● **GOAL OF THE EXERCISE**: In the records below, the lines between the one holding "Klasmanın ilk 3" and the one holding "橙蓝星云点缀星空壮丽画面", inclusive, are to be transcribed exactly; no pictures are to be included.

○ ○ ○ ○ ○ ○ ○

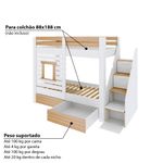 - Peso suportado: 100 kg por cama/ 100 kg em cada degrau.
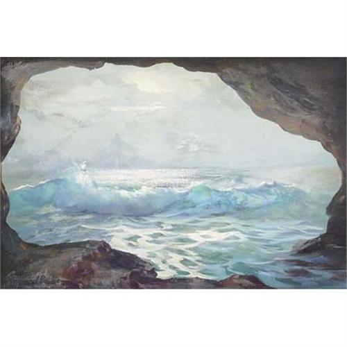 8163 Raymond Page (1885-1958) Oil on Board "Cave La Jolla, Calif" Signed lower left 8" x 11 1/2"
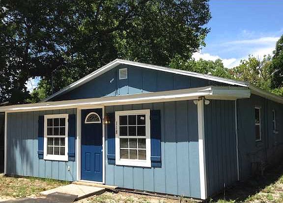 Charming cottage tastefully renovated top to bottom. Replaced rafters, roof, and newly painted siding. Everything is new in the bathroom: tile, fixtures tub and sink w/cabinet. New kitchen cabinets installed, new countertops, sink and fixtures. Cement flooring stained and polished throughout the home and is very attractive. Home is cinder block, which keeps the home cool in the summer and warm in the winter; should keep utilities at a minimum also. A large sunroom is located at the entrance & large open living, dining, kitchen area. All interior walls, trim and ceilings newly painted, all new windows installed. There are new electrical outlets, new electrical wiring and new plumbing. New lighting fixtures and fans. Existing ADT security can be reconnected. A large backyard, quiet neighborhood with low traffic flow.
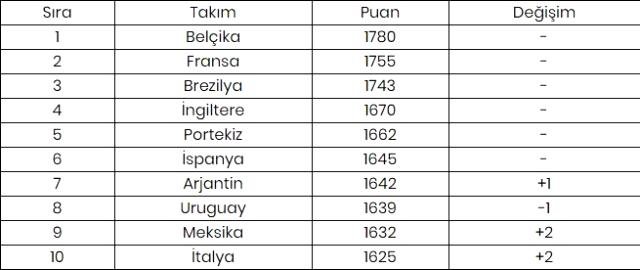 Klasmanın ilk 3 sırasında değişiklik yaşanmadı. Liderlik koltuğunda oturan Belçika’yı, Fransa ve Brezilya takip etti.
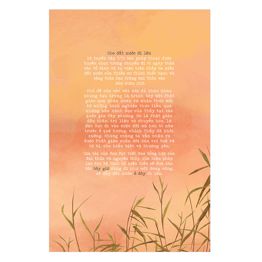 Cho Đất Nước Đi Lên là tuyển tập 7/70 bài pháp thoại được tuyển chọn trong chuyến đi 90 ngày thăm các Tổ đình và tự viện trên khắp ba miền đất nước của Thiền sư Thích Nhất Hạnh và tăng thân Đạo Tràng Mai Thôn vào mùa xuân 2005.
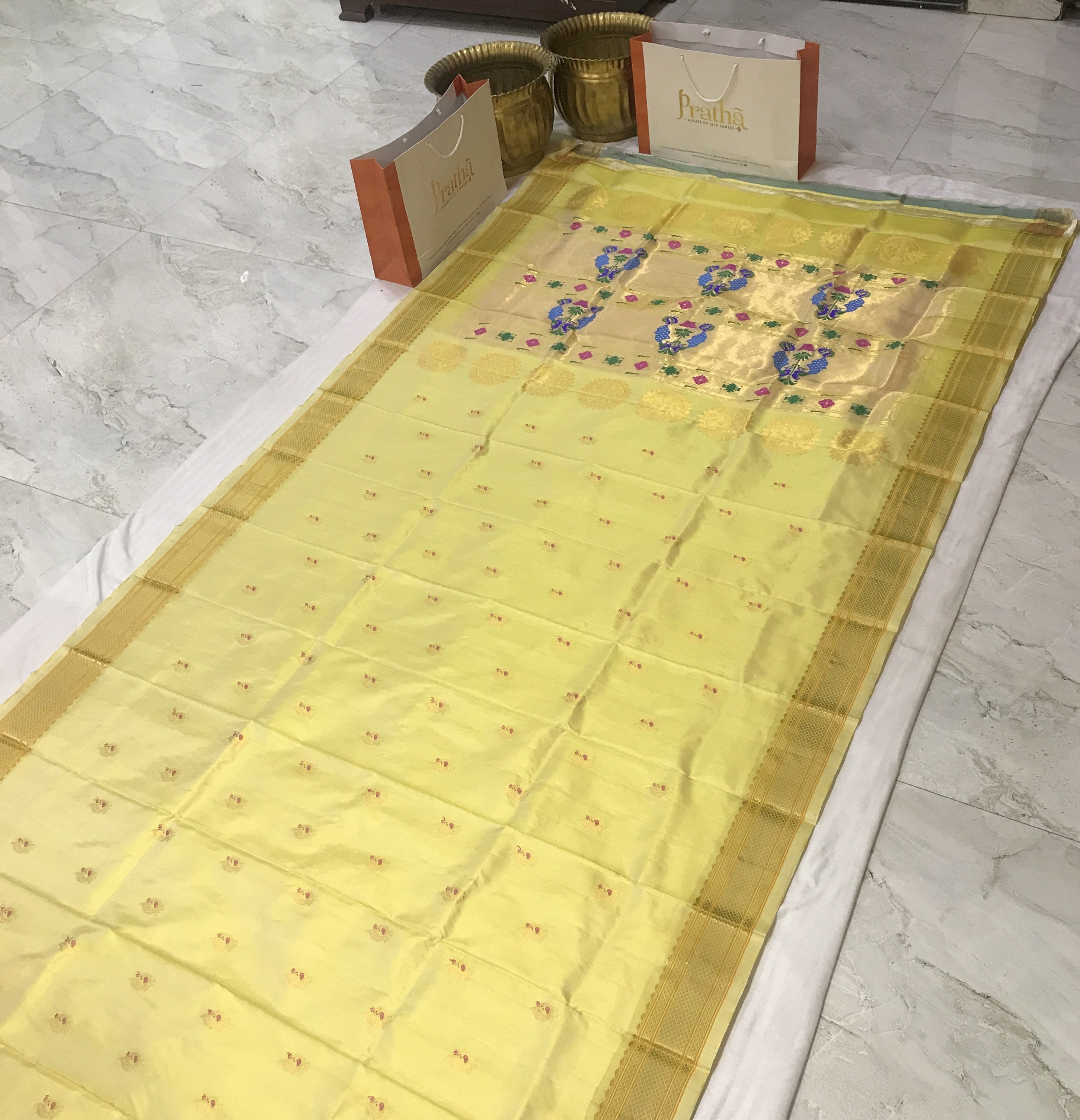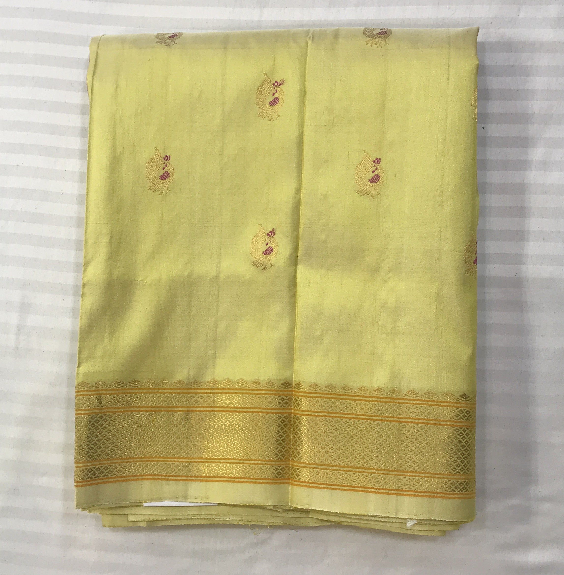 Blouse Colour: Contrast ( Yellow with golden zari border )
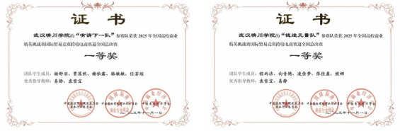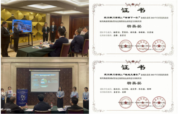 在备赛阶段,我院易静老师、袁雪宜老师和李晶老师始终秉持“精心筹备、认真对待”的理念。从知识赛、省赛、全国总决赛,再到精英赛,一路披荆斩棘,展现出老师们深厚的专业素养与卓越的创新能力。两支队伍在老师们的指导下,不断优化选品方案与PPT,并进行多次线下演练,不断调整讲解话术,优化双语表达,同学们也在长期的相处中结下了深厚的情谊。
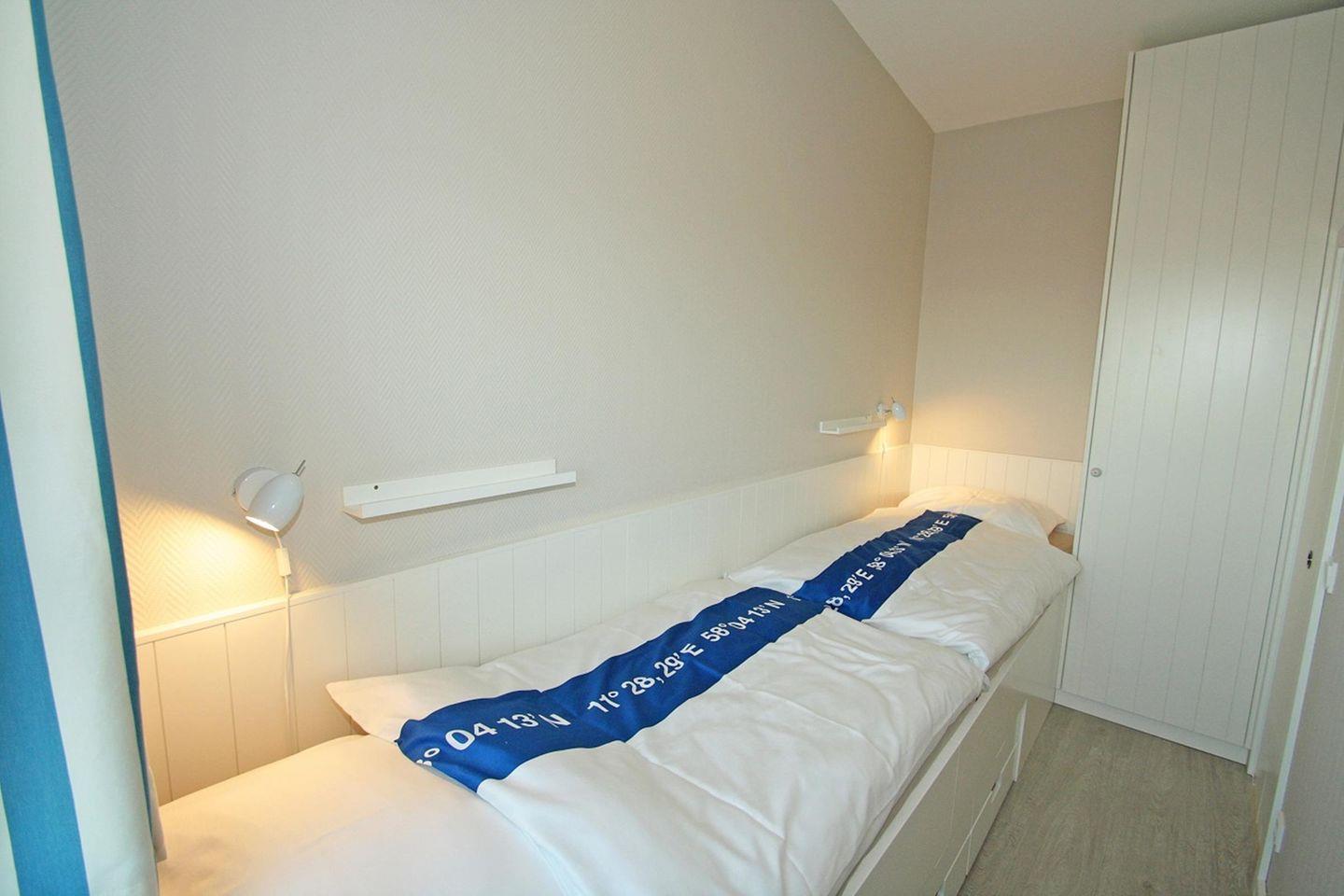Das sep. Kinderzimmer mit 2 Einzelbetten u. Kleiderschrank sowie das schicke Bad mit Duschkabine und WC liegen daneben. Tierhaltung nur auf Anfrage. Erstausstattung Bettwäsche und Handtücher incl.
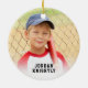 Create a keepsake ornament for a baseball player personalised with their name and jersey number as well as the year on the front and a photo and name or other custom text on the back. HELP: For assistance with design modification/personalisation or transferring the design to another ornament style or product, contact the designer BEFORE ORDERING via Zazzle Chat or makeitaboutyoustore@gmail.com.
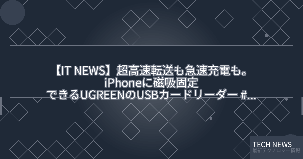 ・元記事タイトル:超高速転送も急速充電も。iPhoneに磁吸固定できるUGREENのUSBカードリーダー #Amazonセール
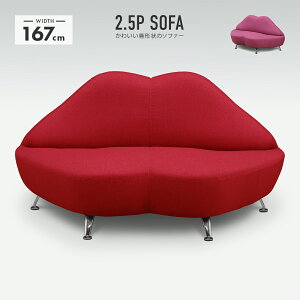 ソファー 2人掛けソファー 2人用 布張り 幅167cm 脚付き レッド パープル 二人掛け 二人用 2Pソファー ダブルソファー ラブソファー かわいい 唇型
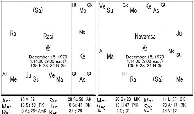こんなにも占って頂いて恐縮なんですが少し質問してもよろしいでしょうかぁ?!ラーシってのが西洋でのネータルに当たる訳ですよね?!ナヴァムジャって何ですか?!後、フルアスペクトってダーナヨガや3室でのスーリアグルヨガだけれども12室ルーラーの太陽は難しい・・・何が難しいのでしょうかぁ?
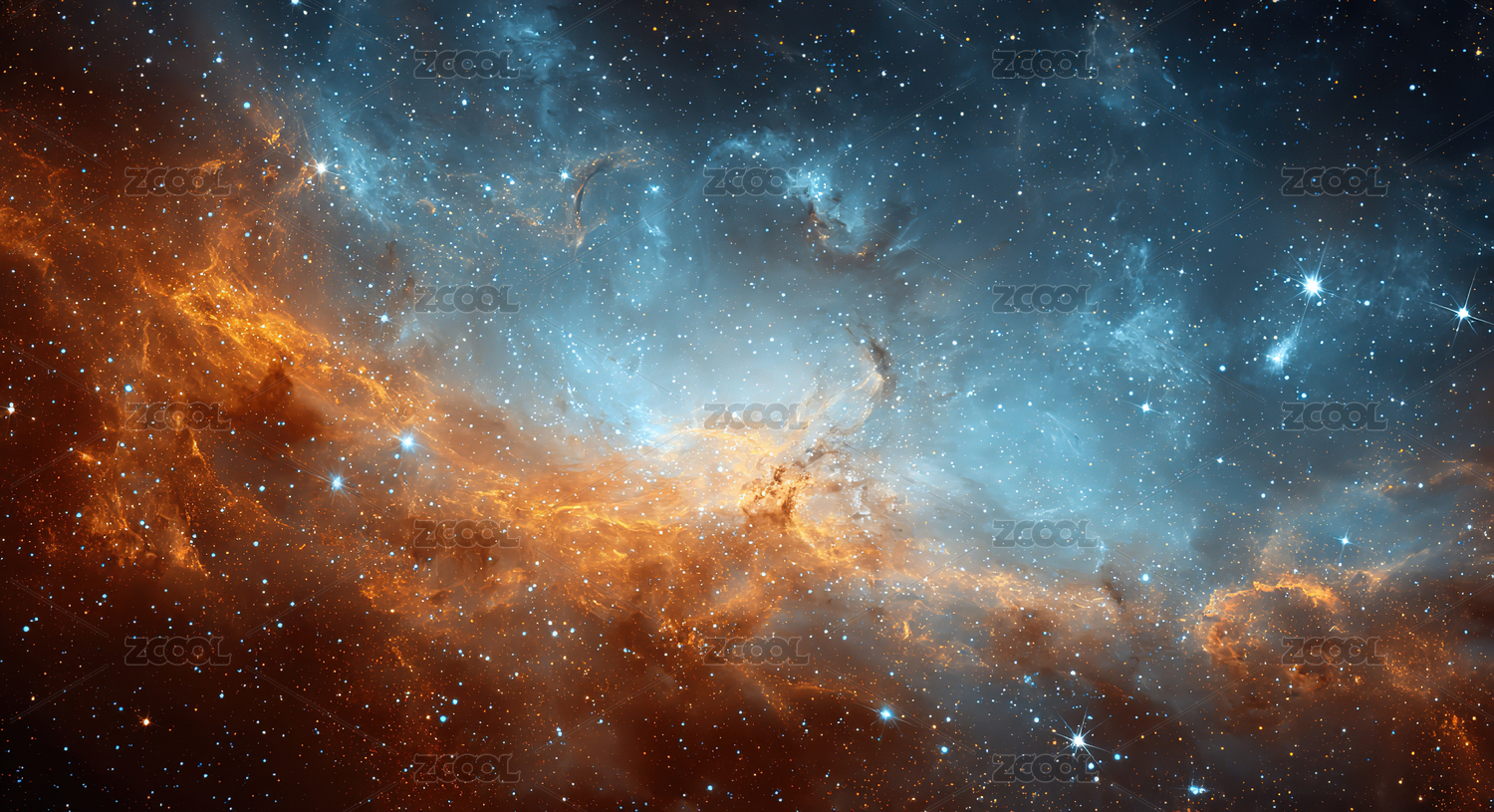 橙蓝星云点缀星空壮丽画面
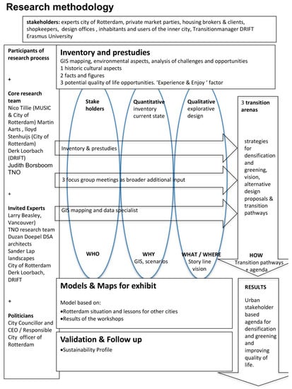 Work on a liveable low carbon city has often been approached in a technocratic way, not linking to other disciplines and urban practices at a large scale. This paper explores a stakeholder based urban agenda for a more liveable low carbon city by densifying and greening with the case study of Rotterdam inner city. Rotterdam presents a unique European case with a modernistic inner city. Like many North American cities, the inner city for a long time mainly served as a business or shopping district with few inhabitants and few synergetic links between flows, urban functions, and areas. In line with other cities, Rotterdam aims to reduce carbon emissions and provide a high quality of life. To address this, the hypothesis ‘densifying and greening leads to a more sustainable inner city’, was tested and applied with stakeholders using transition management combined with urban data, modelling, and design. With sustainability indicators, geographic information system (GIS) mapping, and urban models, a baseline study was completed and expected outcomes were described and, where possible, validated in reality. The outcomes confirmed the stated hypothesis and showed that linking design, GIS mapping, and city data to transition management proved successful.

○ ○ ○ ○ ○ ○ ○

● **EXERCISE RESPONSE**:
 Klasmanın ilk 3 sırasında değişiklik yaşanmadı. Liderlik koltuğunda oturan Belçika’yı, Fransa ve Brezilya takip etti.
 Cho Đất Nước Đi Lên là tuyển tập 7/70 bài pháp thoại được tuyển chọn trong chuyến đi 90 ngày thăm các Tổ đình và tự viện trên khắp ba miền đất nước của Thiền sư Thích Nhất Hạnh và tăng thân Đạo Tràng Mai Thôn vào mùa xuân 2005.
 Blouse Colour: Contrast ( Yellow with golden zari border )
 在备赛阶段,我院易静老师、袁雪宜老师和李晶老师始终秉持“精心筹备、认真对待”的理念。从知识赛、省赛、全国总决赛,再到精英赛,一路披荆斩棘,展现出老师们深厚的专业素养与卓越的创新能力。两支队伍在老师们的指导下,不断优化选品方案与PPT,并进行多次线下演练,不断调整讲解话术,优化双语表达,同学们也在长期的相处中结下了深厚的情谊。
Das sep. Kinderzimmer mit 2 Einzelbetten u. Kleiderschrank sowie das schicke Bad mit Duschkabine und WC liegen daneben. Tierhaltung nur auf Anfrage. Erstausstattung Bettwäsche und Handtücher incl.
 Create a keepsake ornament for a baseball player personalised with their name and jersey number as well as the year on the front and a photo and name or other custom text on the back. HELP: For assistance with design modification/personalisation or transferring the design to another ornament style or product, contact the designer BEFORE ORDERING via Zazzle Chat or makeitaboutyoustore@gmail.com.
 ・元記事タイトル:超高速転送も急速充電も。iPhoneに磁吸固定できるUGREENのUSBカードリーダー #Amazonセール
 ソファー 2人掛けソファー 2人用 布張り 幅167cm 脚付き レッド パープル 二人掛け 二人用 2Pソファー ダブルソファー ラブソファー かわいい 唇型
こんなにも占って頂いて恐縮なんですが少し質問してもよろしいでしょうかぁ?!ラーシってのが西洋でのネータルに当たる訳ですよね?!ナヴァムジャって何ですか?!後、フルアスペクトってダーナヨガや3室でのスーリアグルヨガだけれども12室ルーラーの太陽は難しい・・・何が難しいのでしょうかぁ?
 橙蓝星云点缀星空壮丽画面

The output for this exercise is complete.